Dans notre imaginaire, le requérant d’asile est presque toujours un homme, jeune, célibataire, Africain. Nous ne distinguons pas, a priori, au milieu de tous ces corps agglutinés au fond du bateau, ni dans les rassemblements aux abords des abris de protection civile au fond desquels on les enterre, ces femmes et leurs enfants, le plus souvent seules, qui ont, elles aussi, traversé les mers au péril de leur vie. Rien, dans les dispositions de la loi sur l’asile n’améliorera leur sort. Les persécutions qu’elles fuient, la guerre, les viols, les mutilations sexuelles, les mariages forcés ne sont pas répertoriées explicitement comme motifs d’asile. Elles proviennent de pays où les femmes n’ont généralement pas de papiers d’identité : on les accusera, en Suisse, de les avoir détruits et de ne pas collaborer à la procédure. Certaines n’ont pas non plus eu la chance d’aller à l’école : on leur reprochera de ne pas parvenir à s’intégrer. Elles appartiennent à une culture où l’on ne parle pas devant un homme des violences subies, où l’on n’a ni les mots, ni la force pour les dire. En réduisant le délai de recours de trente à dix jours après un premier refus, on les met dans l’impossibilité d’en apporter les preuves.

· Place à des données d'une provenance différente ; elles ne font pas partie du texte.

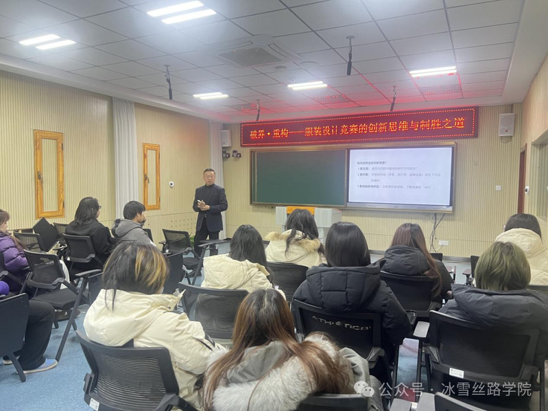 本次讲座融合了理论梳理、案例解读与实战指导,体现了冰雪丝路学院服装与服饰设计专业对接行业前沿、注重创新思维培育的教学导向。讲座不仅提供了清晰的竞赛策略指引,更激发了学生对设计本质与未来方向的深入思考,为专业人才培养注入了突破界限、重构创新的动能。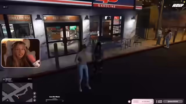 05:58:55Nach der Begegnung setzt die Streamerin ihre Erkundungen fort und stellt fest, dass sie die einzigen Personen sind, die durch die Stadt laufen. Sie vergleicht dies mit ihrem gewohnten Gameplay in Red Dead Redemption. An einer Tankstelle bemerkt sie, dass die Laufgeschwindigkeit nicht geändert werden kann und dass das Spiel noch nicht alle Features freigeschaltet hat. Sie versucht vergeblich, Essen zu bestellen und findet heraus, dass man sich ein Auto beim Gebrauchtwagenhändler besorgen muss, um sich fortzubewegen.
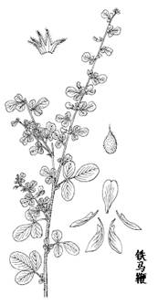 铁马鞭是半灌木,高60-80cm。茎枝均细长,常平卧地面,全株密被长粗毛。三出复叶,互生;叶柄长0.5-2cm;叶片广椭圆形至广倒卵形,长1-2cm,宽0.8-1.2cm,先端圆或截形,有短尖,常内凹,基部近圆形,全缘,两面均密被淡黄色长粗毛。总状花序腋生,花梗短,每花序着生3-5朵花;小苞片披针形,具淡黄色长粗毛;花萼深5裂,裂片披针形,外被长毛;蝶形花冠,黄白色,旗瓣倒卵形,基部带紫纹,先端微凹,翼瓣、龙骨瓣基部均具爪;雄蕊10,二体;子房有毛。荚果卵圆形,扁平,径约3mm,先端具细尖,表面有白色长毛。种子肾圆形,光滑无毛。花期6-9月,果期10-11月。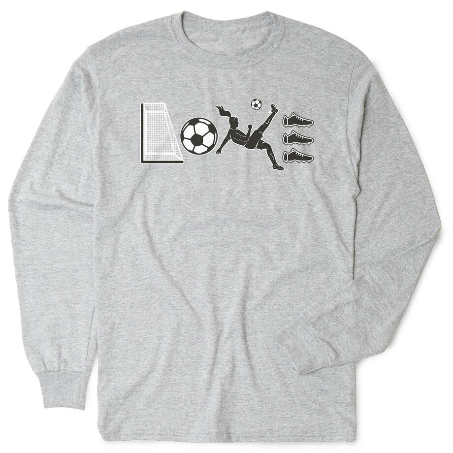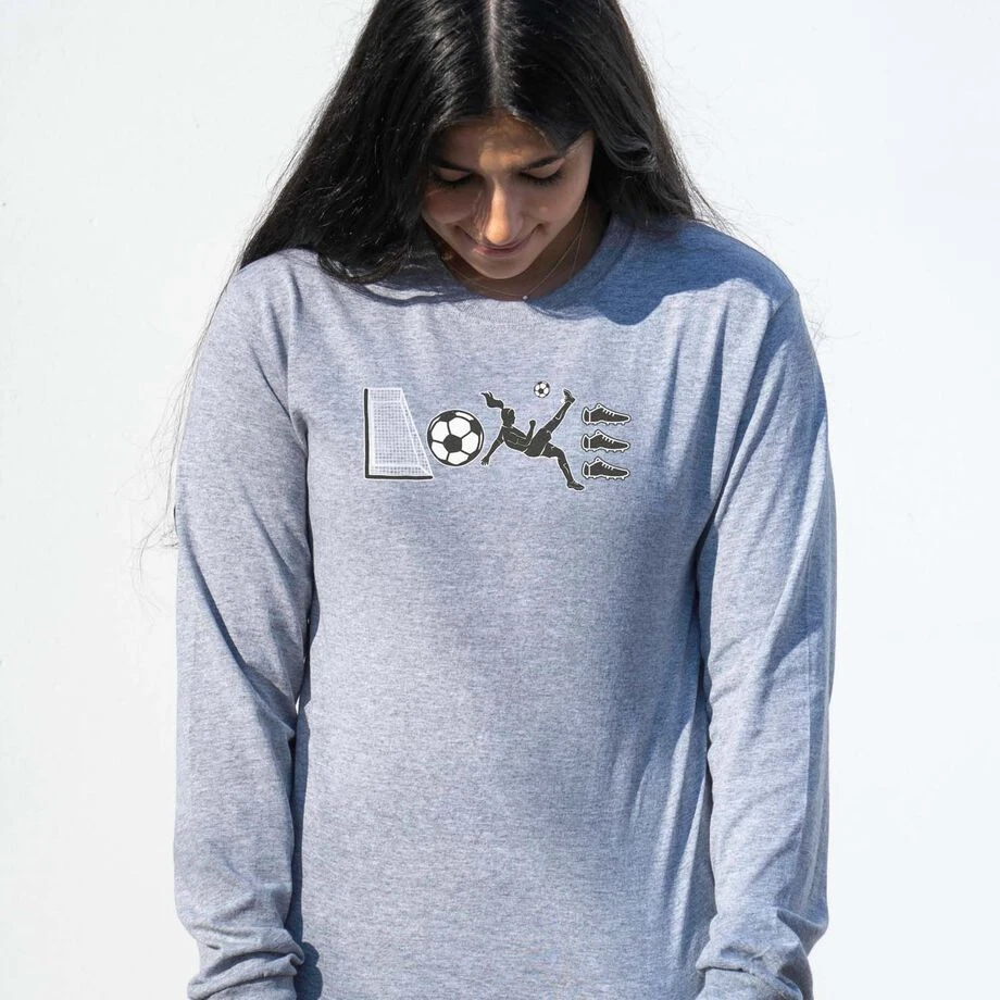 Show off your soccer pride with this bold and stylized long sleeve soccer shirt. It’s a great gift idea for anyone who just can’t get enough of that soccer lifestyle. It makes for the perfect end of season gift or any special occasion. Coming in a variety of colors and designs these are a great wardrobe collection. Even get them personalized with your # on the back!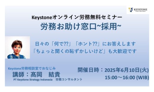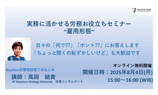 セミナー情報 無料オンラインセミナー 「実務に活かせる労務お役立ちセミナー~違法スト~」 2026.02.12 無料オンラインセミナー 「実務に活かせる労務お役立ちセミナー~違法スト~」 平素は格別のご高配を賜り厚く御礼申し上げます。 弊社では、「実務に活かせる労務お役立ちセミナー」と題し、インドネシアの労務に関する無料オンラインセミナーを毎月開催いたしております。 3月のテーマは「違法スト」です。本セミナーでは、頭を抱えてしまうような事例を元に、その対処法と再発防止策を紹介いたします。 また、質疑応答の時間も十分に取り、各社のケースに合わせた御説明も可能です。 日々の労務の疑問を弊社のセミナーで解決しませんか。 お申込はこちらから セミナー概要 日時2026年3月2日(月)15:00~16:00 WIB 開催方法ZOOMウェビナー 参加費無料 申込こちらから (締切:2026年3月1日) 講師髙岡 結貴 (PT Keystone Strategy Indonesia 労務コンサルタント) 紹介事例 事例1:黒ハチマキ隊の残業拒否 事例2:違法ストの証明 事例3:上部団体主導の違法スト ※内容は予告なく変更になる場合がございます。 ■お問い合わせ■ ご不明な点がございましたら、下記までお気軽にお問合せください。 担当 板井 Email: itai@keystone-indonesia.com Tweet Share +1 Hatena Pocket RSS feedly Pin it セミナー情報 第71回 賃金の手取り設定 第72回 宗教大祭手当の計算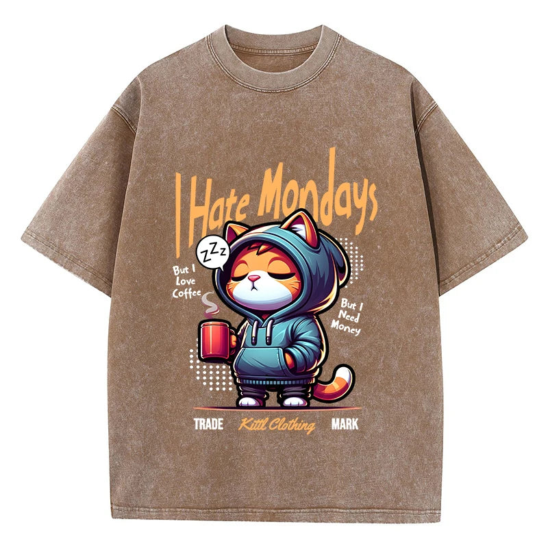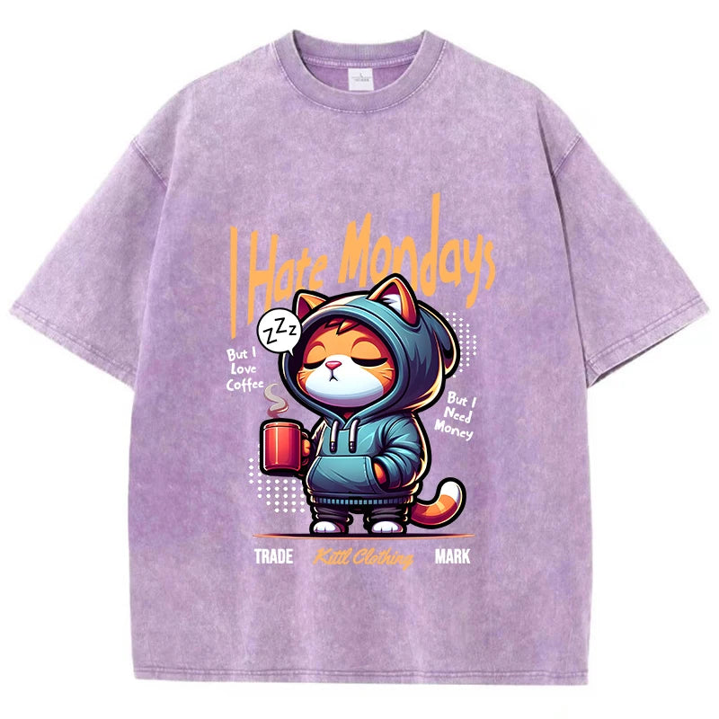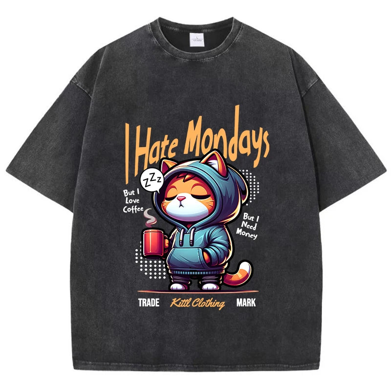 Funny “I Hate Mondays” Graphic — bold cartoon print adds humour and personality.

La Jordanie compte un peu plus de six millions d’habitants et elle accueille plus d’un million de réfugiés syriens. Jusqu’ici, la Suisse en a accueilli septante-trois. Les réfugiés représentent environ 20% de la population jordanienne. 0,6% de la nôtre. Pour certains c’est déjà trop. La révision de la loi, comme les dix autres qui l’ont précédée, est censée dissuader les exilés de demander l’asile chez nous. Il est peu probable qu’elle y parvienne. La refuser serait un acte de décence.